Dealing with large number of text strings
- by Fadrian
My project when it is running, will collect a large number of string text block (about 20K and largest I have seen is about 200K of them) in short span of time and store them in a relational database. Each of the string text is relatively small and the average would be about 15 short lines (about 300 characters). The current implementation is in C# (VS2008), .NET 3.5 and backend DBMS is Ms. SQL Server 2005
Performance and storage are both important concern of the project, but the priority will be performance first, then storage. I am looking for answers to these:
Should I compress the text before storing them in DB? or let SQL Server worry about compacting the storage?

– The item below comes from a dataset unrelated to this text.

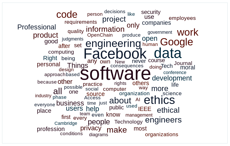 Codes of conduct are super popular right now. They are not the answer, but they are a good place to start. Here are a whole bunch of different codes of conduct that people have worked up. Creating codes of conduct is useful because it starts a conversation where you think about these things, but people do not do things because there is a code of conduct that says they should. You can’t just give your new hire a code of conduct and say do this thing and expect they will do it. You need to make sure that the people you hire share your moral code, whatever that code is.

Do you know what will be the best compression algorithm/library to use for this context that gives me the best performance? Currently I just use the standard GZip in .NET framework
Do you know any best practices to deal with this? I welcome outside the box suggestions as long as it is implementable in .NET framework? (it is a big project and this requirements is only a small part of it)
EDITED: I will keep adding to this to clarify points raised
I don't need text indexing or searching on these text. I just need to be able to retrieve them in later stage for display as a text block using its primary key.
I have a working solution implemented as above and SQL Server has no issue at all handling it. This program will run quite often and need to work with large data context so you can imagine the size will grow very rapidly hence every optimization I can do will help.